- Official name: Barragem Três Irmãos
- Country: Brazil
- Location: Pereira Barreto, São Paulo
- Coordinates: 20°39′56.29″S 51°18′5.19″W﻿ / ﻿20.6656361°S 51.3014417°W
- Purpose: Power, navigation
- Status: Operational
- Opening date: 1991; 35 years ago

Dam and spillways
- Type of dam: Embankment with gravity sections
- Impounds: Tietê River
- Height: 82 m (269 ft)
- Length: 3,640 m (11,940 ft)

Reservoir
- Creates: Três Irmãos Reservoir
- Total capacity: 13,373,000,000 m^{3} (10,842,000 acre⋅ft)
- Active capacity: 3,450,000,000 m^{3} (2,800,000 acre⋅ft)
- Inactive capacity: 9,923,000,000 m^{3} (8,045,000 acre⋅ft)
- Catchment area: 699,000 km^{2} (270,000 sq mi)
- Surface area: 785 km^{2} (303 sq mi)
- Normal elevation: 328 m (1,076 ft)

Power Station
- Operator: Companhia Energética de São Paulo (CESP)
- Commission date: 1993-1999
- Type: Conventional
- Turbines: 5 x 161.5 MW (216,600 hp) Francis-type
- Installed capacity: 807.5 MW (1,082,900 hp)

= Três Irmãos Dam =

The Três Irmãos Dam is an embankment dam with gravity sections on the Tietê River in Pereira Barreto of São Paulo state in Brazil.
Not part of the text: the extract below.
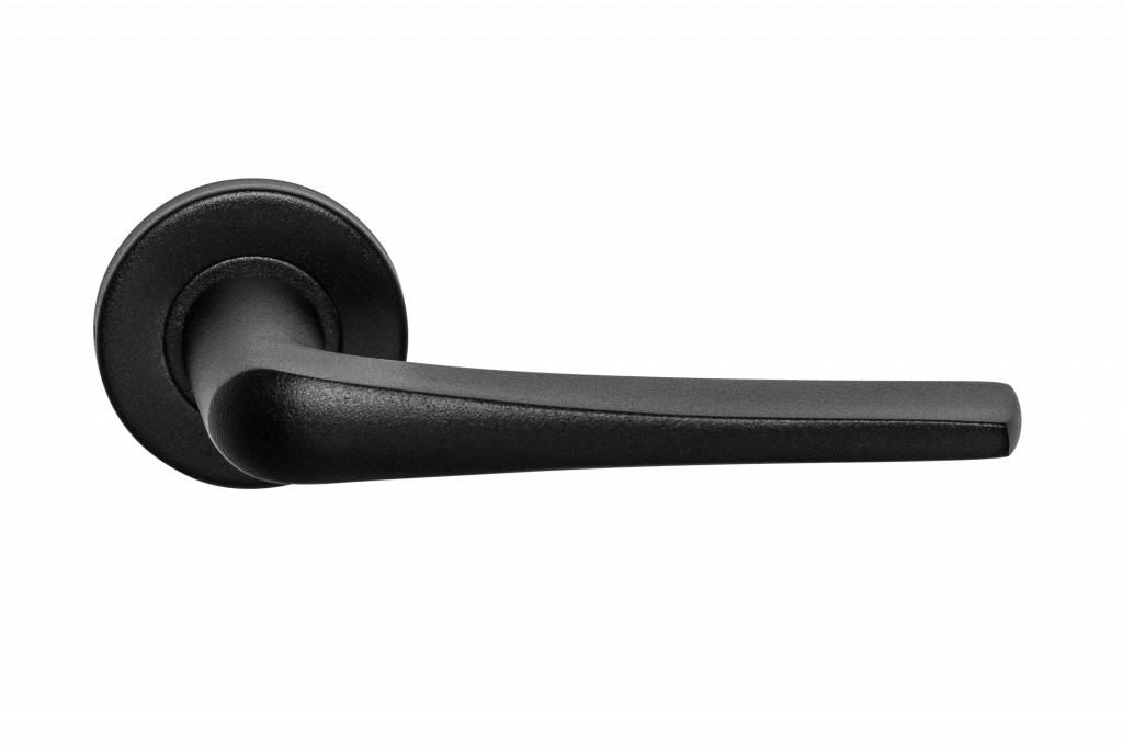 Beschrijving Zwarte deurklinken voorzien van een mat zwarte structuurlak

The dam is about 28 km upstream of the river's confluence with the Paraná River. It supports the largest hydroelectric power station on the river with an installed capacity of 807.5 MW. The dam was completed in 1991 and the five 161.5 MW Francis turbine-generators were commissioned between November 1993 and January 1999. It is owned and operated by Companhia Energética de São Paulo (CESP). The dam also provides for navigation with two ship locks.